=== Exercise data ===

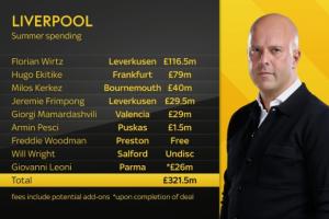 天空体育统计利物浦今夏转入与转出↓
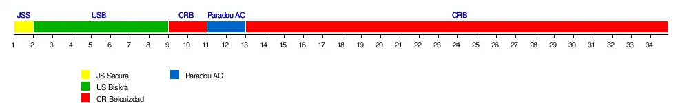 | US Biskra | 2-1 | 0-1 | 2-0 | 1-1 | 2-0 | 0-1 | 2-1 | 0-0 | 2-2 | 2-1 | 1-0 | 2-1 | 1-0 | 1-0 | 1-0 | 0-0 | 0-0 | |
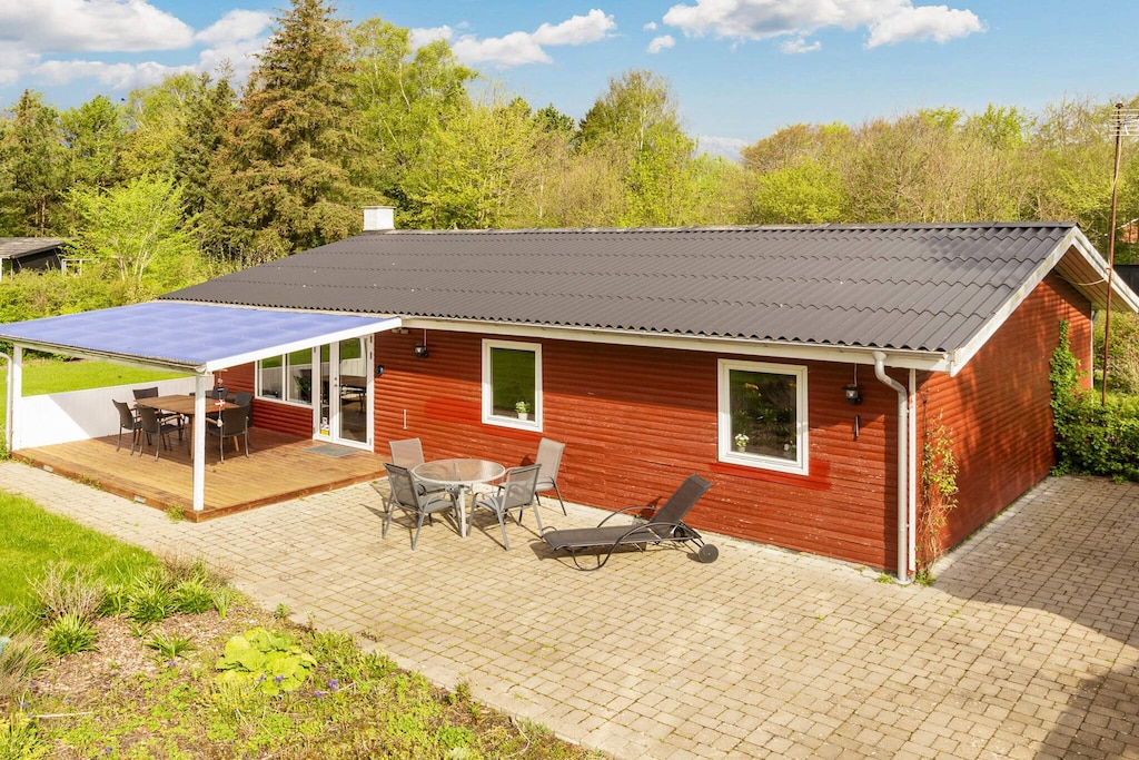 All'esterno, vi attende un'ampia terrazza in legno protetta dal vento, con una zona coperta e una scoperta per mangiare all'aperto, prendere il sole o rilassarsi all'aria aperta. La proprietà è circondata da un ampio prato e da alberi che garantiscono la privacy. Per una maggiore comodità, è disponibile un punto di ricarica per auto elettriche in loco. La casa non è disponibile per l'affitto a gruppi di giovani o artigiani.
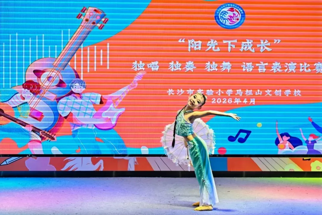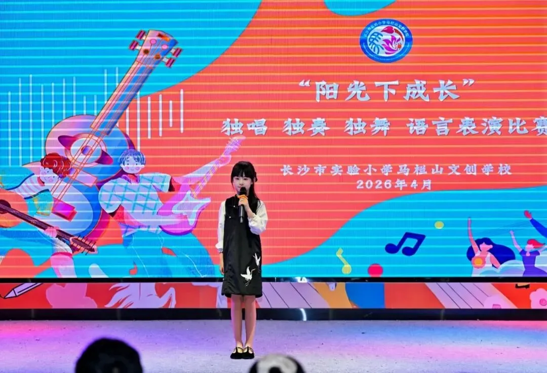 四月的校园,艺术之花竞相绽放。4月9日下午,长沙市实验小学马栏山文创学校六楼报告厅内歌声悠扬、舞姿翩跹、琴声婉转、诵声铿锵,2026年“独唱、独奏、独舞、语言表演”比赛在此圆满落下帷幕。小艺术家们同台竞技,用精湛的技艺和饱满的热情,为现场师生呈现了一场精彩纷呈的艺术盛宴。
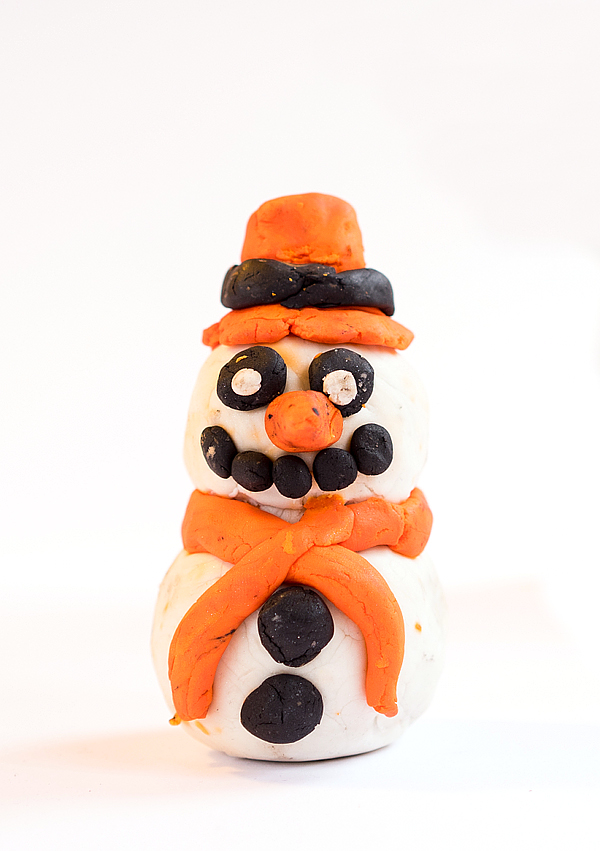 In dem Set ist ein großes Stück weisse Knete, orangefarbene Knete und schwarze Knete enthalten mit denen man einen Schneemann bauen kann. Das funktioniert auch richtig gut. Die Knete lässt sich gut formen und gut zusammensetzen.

===

(Task brief):
Output the data exactly, pictures omitted.

(Output of the task):
 天空体育统计利物浦今夏转入与转出↓
 | US Biskra | 2-1 | 0-1 | 2-0 | 1-1 | 2-0 | 0-1 | 2-1 | 0-0 | 2-2 | 2-1 | 1-0 | 2-1 | 1-0 | 1-0 | 1-0 | 0-0 | 0-0 | |
 All'esterno, vi attende un'ampia terrazza in legno protetta dal vento, con una zona coperta e una scoperta per mangiare all'aperto, prendere il sole o rilassarsi all'aria aperta. La proprietà è circondata da un ampio prato e da alberi che garantiscono la privacy. Per una maggiore comodità, è disponibile un punto di ricarica per auto elettriche in loco. La casa non è disponibile per l'affitto a gruppi di giovani o artigiani.
 四月的校园,艺术之花竞相绽放。4月9日下午,长沙市实验小学马栏山文创学校六楼报告厅内歌声悠扬、舞姿翩跹、琴声婉转、诵声铿锵,2026年“独唱、独奏、独舞、语言表演”比赛在此圆满落下帷幕。小艺术家们同台竞技,用精湛的技艺和饱满的热情,为现场师生呈现了一场精彩纷呈的艺术盛宴。
 In dem Set ist ein großes Stück weisse Knete, orangefarbene Knete und schwarze Knete enthalten mit denen man einen Schneemann bauen kann. Das funktioniert auch richtig gut. Die Knete lässt sich gut formen und gut zusammensetzen.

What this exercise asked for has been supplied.